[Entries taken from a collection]
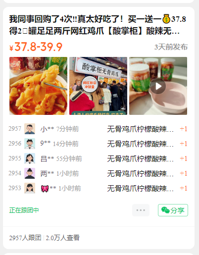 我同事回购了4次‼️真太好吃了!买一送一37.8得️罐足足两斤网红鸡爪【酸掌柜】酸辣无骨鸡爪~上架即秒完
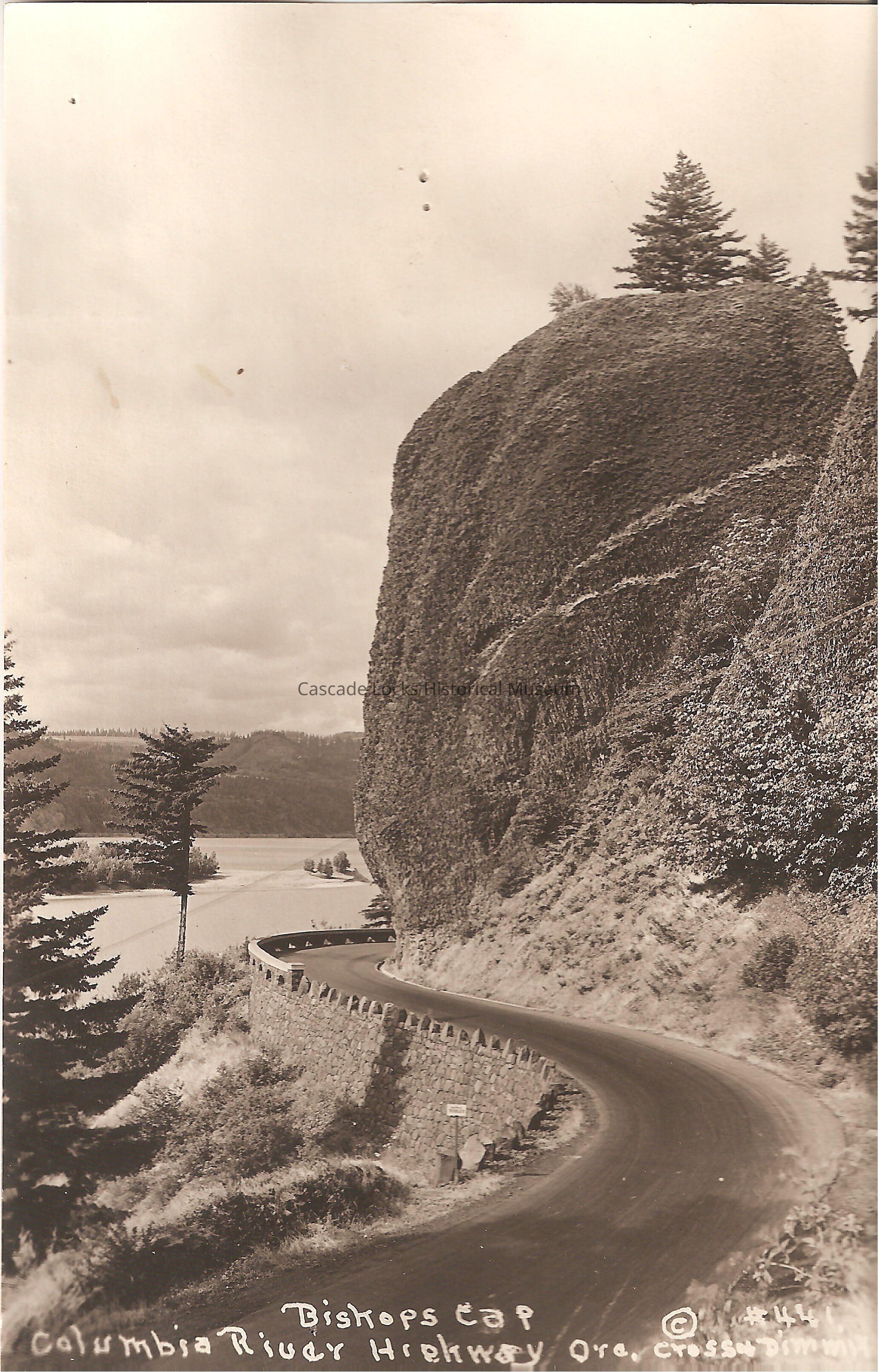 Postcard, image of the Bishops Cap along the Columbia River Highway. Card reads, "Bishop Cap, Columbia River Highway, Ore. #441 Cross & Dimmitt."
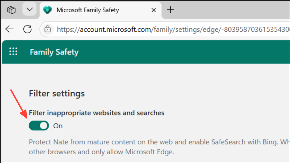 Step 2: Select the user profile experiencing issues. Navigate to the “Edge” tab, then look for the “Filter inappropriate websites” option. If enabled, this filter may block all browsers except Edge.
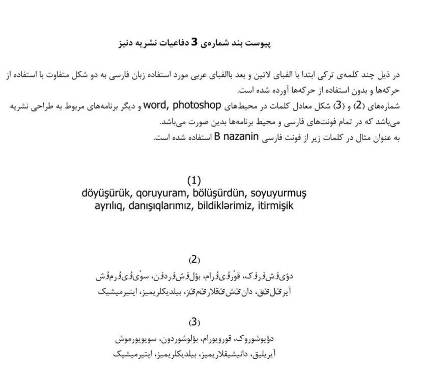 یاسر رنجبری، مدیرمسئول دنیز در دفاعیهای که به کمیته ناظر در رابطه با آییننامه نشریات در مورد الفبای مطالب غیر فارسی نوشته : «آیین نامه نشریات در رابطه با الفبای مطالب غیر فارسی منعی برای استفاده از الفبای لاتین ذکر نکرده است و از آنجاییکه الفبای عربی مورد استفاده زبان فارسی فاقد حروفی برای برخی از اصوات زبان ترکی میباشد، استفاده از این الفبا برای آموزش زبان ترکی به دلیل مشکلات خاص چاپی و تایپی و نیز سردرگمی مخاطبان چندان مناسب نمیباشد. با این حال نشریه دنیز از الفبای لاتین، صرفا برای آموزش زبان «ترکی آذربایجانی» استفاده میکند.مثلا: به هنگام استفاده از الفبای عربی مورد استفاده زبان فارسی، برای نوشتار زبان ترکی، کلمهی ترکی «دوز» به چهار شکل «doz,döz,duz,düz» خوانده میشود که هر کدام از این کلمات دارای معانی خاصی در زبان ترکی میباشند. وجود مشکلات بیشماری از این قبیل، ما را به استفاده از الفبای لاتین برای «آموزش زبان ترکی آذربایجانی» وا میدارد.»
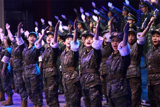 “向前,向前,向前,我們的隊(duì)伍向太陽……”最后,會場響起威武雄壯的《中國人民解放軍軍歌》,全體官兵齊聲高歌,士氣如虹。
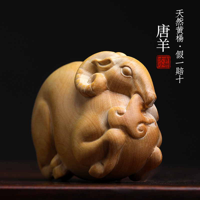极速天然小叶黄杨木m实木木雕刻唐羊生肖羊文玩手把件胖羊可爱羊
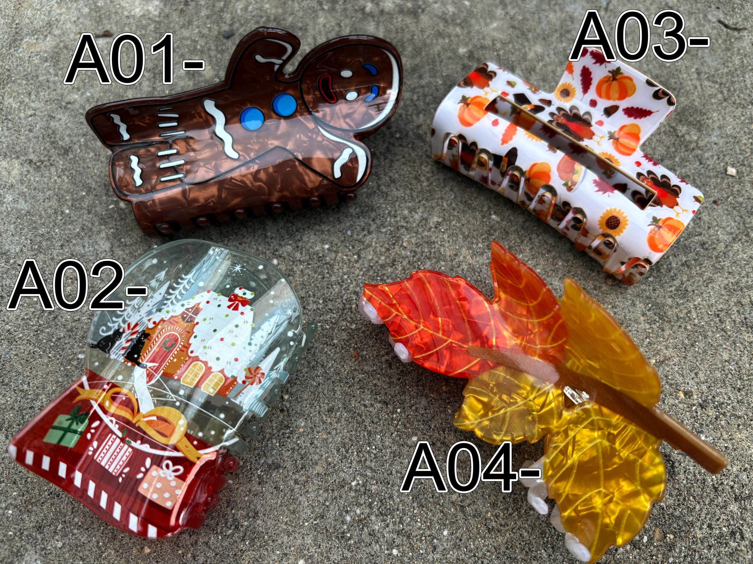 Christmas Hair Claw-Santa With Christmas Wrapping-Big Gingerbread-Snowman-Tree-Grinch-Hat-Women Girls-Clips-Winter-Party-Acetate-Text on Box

WHAT THE TASK ASKS. All that should be returned is the run of lines from the start of the entries above to the line bearing "Step 2: Select", each exact, with pictures omitted.

REPLY.
 我同事回购了4次‼️真太好吃了!买一送一37.8得️罐足足两斤网红鸡爪【酸掌柜】酸辣无骨鸡爪~上架即秒完
 Postcard, image of the Bishops Cap along the Columbia River Highway. Card reads, "Bishop Cap, Columbia River Highway, Ore. #441 Cross & Dimmitt."
 Step 2: Select the user profile experiencing issues. Navigate to the “Edge” tab, then look for the “Filter inappropriate websites” option. If enabled, this filter may block all browsers except Edge.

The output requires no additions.